Task item:
I would like the line with "Ролик приводного ремня" and every line after it, down to the end of the entries below, output exactly and without pictures.

Provided entries:
○ ○ ○ ○
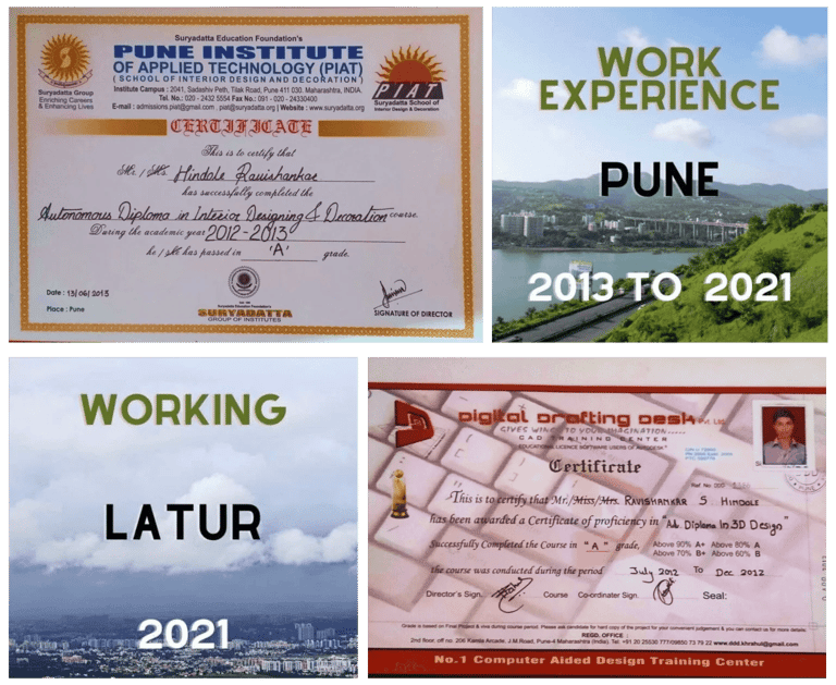 I’m Ravi Hindole, an interior designer with over 10 years of experience in transforming spaces into functional and aesthetically pleasing environments. I specialize in both residential and commercial projects, creating personalized designs that seamlessly blend modern trends with timeless principles. Based in Latur, Ausa, and Pune, I focus on understanding each client’s unique style, needs, and budget. Through close collaboration, I deliver spaces that reflect their vision while maximizing functionality. My expertise spans space planning, color schemes, furniture selection, lighting, and overall layout to ensure each project is a perfect balance of form and function.
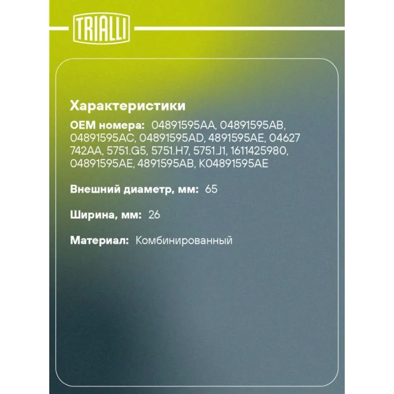 Ролик приводного ремня для автомобилей Mitsubishi Lancer X (07-) 1.8i/2.0i/2.4i (с натяжным механизмом) (подшипник NSK/NTN) (65x26) Характеристики: Артикул: CM 1103N OEM номера: 04891595AA, 04891595AB, 04891595AC, 04891595AD, 4891595AE, 04627 742AA, 5751.G5, 5751.H7, 5751.J1, 1611425980, 04891595AE, 4891595AB, K04891595AE, 1345A008, 1345A059, 1345A060, 1345A079, 1345A051, 1345A052 Ширина, мм: 26 Внешний диаметр, мм: 65 Гарантийный срок: 2 года/80 000 км. Количество на автомобиль: 1 Материал: Комбинированный Товарная линейка: BLACK Комплектация: Ролик привод. ремня с натяж. мех. - 1 шт Гарантия: от 1 года.
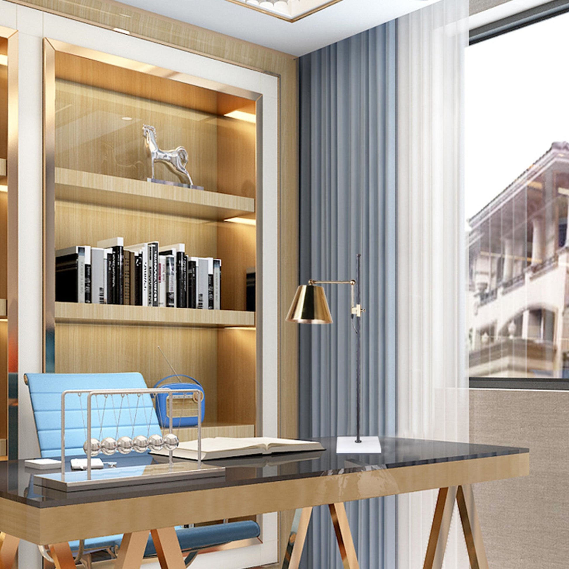 This table lamp contains a white marble base, black metal rod as a frame, and a brass metal shade. It is great for chair side reading or general room illumination.
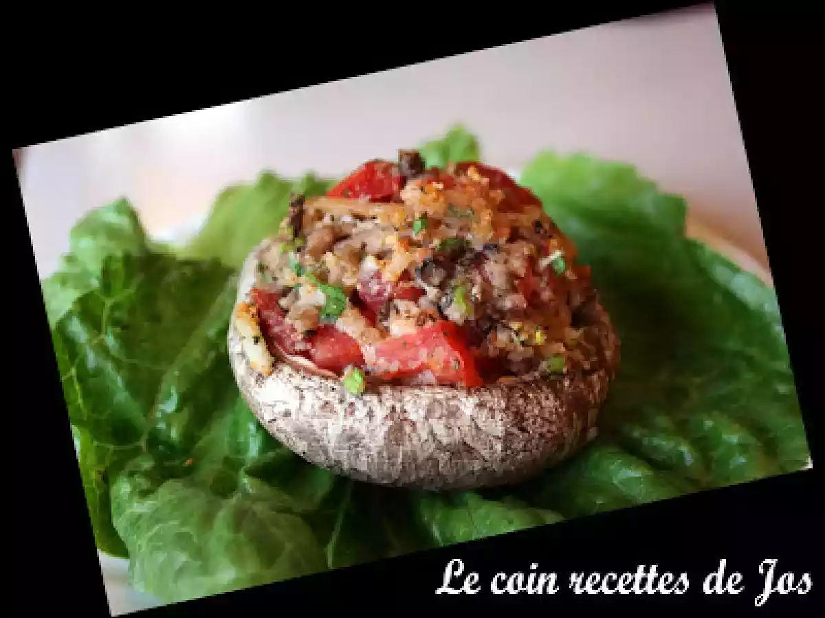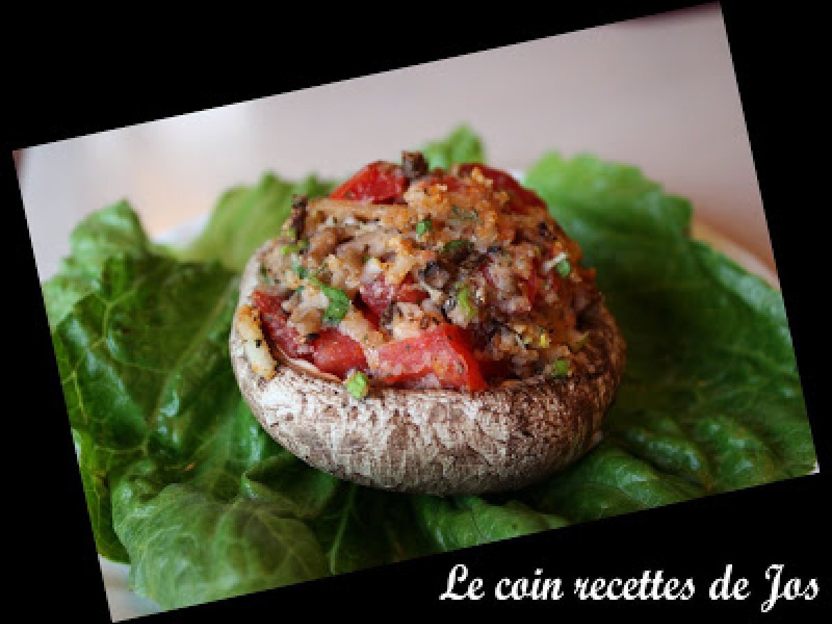 Champignons portobello farcies aux tomates Entréefacile25 min111 Kcal Envoyer cette recette à un ami Imprimer cette page Poser une question à l'auteur Publier votre photo de cette recette Ingrédients 4 4 à 5 champignons portobello 1/4 tasse de chapelure à l'italienne 1/4 tasse de fromage mozzarella 1 grosse tomate, coupé en petits dés 1/2 cuillère à thé de basilic 1 oignon vert sel et poivre au goût Coût estimé: 1.21Euros€ (0.3€/part)
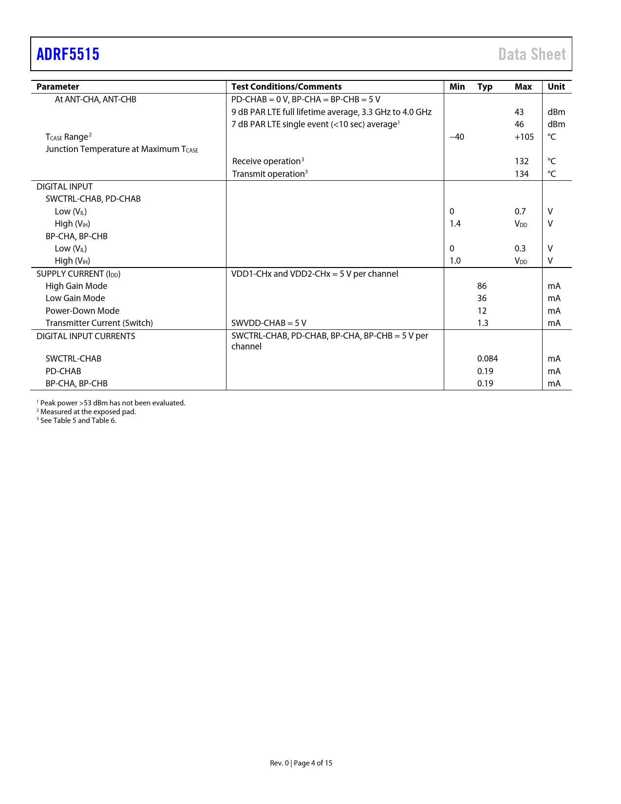 Pages / Page15 / 4 — ADRF5515. Data Sheet. Parameter. Test Conditions/Comments. Min Typ. Max. …
○ ○ ○ ○
Answer to this task:
 Ролик приводного ремня для автомобилей Mitsubishi Lancer X (07-) 1.8i/2.0i/2.4i (с натяжным механизмом) (подшипник NSK/NTN) (65x26) Характеристики: Артикул: CM 1103N OEM номера: 04891595AA, 04891595AB, 04891595AC, 04891595AD, 4891595AE, 04627 742AA, 5751.G5, 5751.H7, 5751.J1, 1611425980, 04891595AE, 4891595AB, K04891595AE, 1345A008, 1345A059, 1345A060, 1345A079, 1345A051, 1345A052 Ширина, мм: 26 Внешний диаметр, мм: 65 Гарантийный срок: 2 года/80 000 км. Количество на автомобиль: 1 Материал: Комбинированный Товарная линейка: BLACK Комплектация: Ролик привод. ремня с натяж. мех. - 1 шт Гарантия: от 1 года.
 This table lamp contains a white marble base, black metal rod as a frame, and a brass metal shade. It is great for chair side reading or general room illumination.
 Champignons portobello farcies aux tomates Entréefacile25 min111 Kcal Envoyer cette recette à un ami Imprimer cette page Poser une question à l'auteur Publier votre photo de cette recette Ingrédients 4 4 à 5 champignons portobello 1/4 tasse de chapelure à l'italienne 1/4 tasse de fromage mozzarella 1 grosse tomate, coupé en petits dés 1/2 cuillère à thé de basilic 1 oignon vert sel et poivre au goût Coût estimé: 1.21Euros€ (0.3€/part)
 Pages / Page15 / 4 — ADRF5515. Data Sheet. Parameter. Test Conditions/Comments. Min Typ. Max. …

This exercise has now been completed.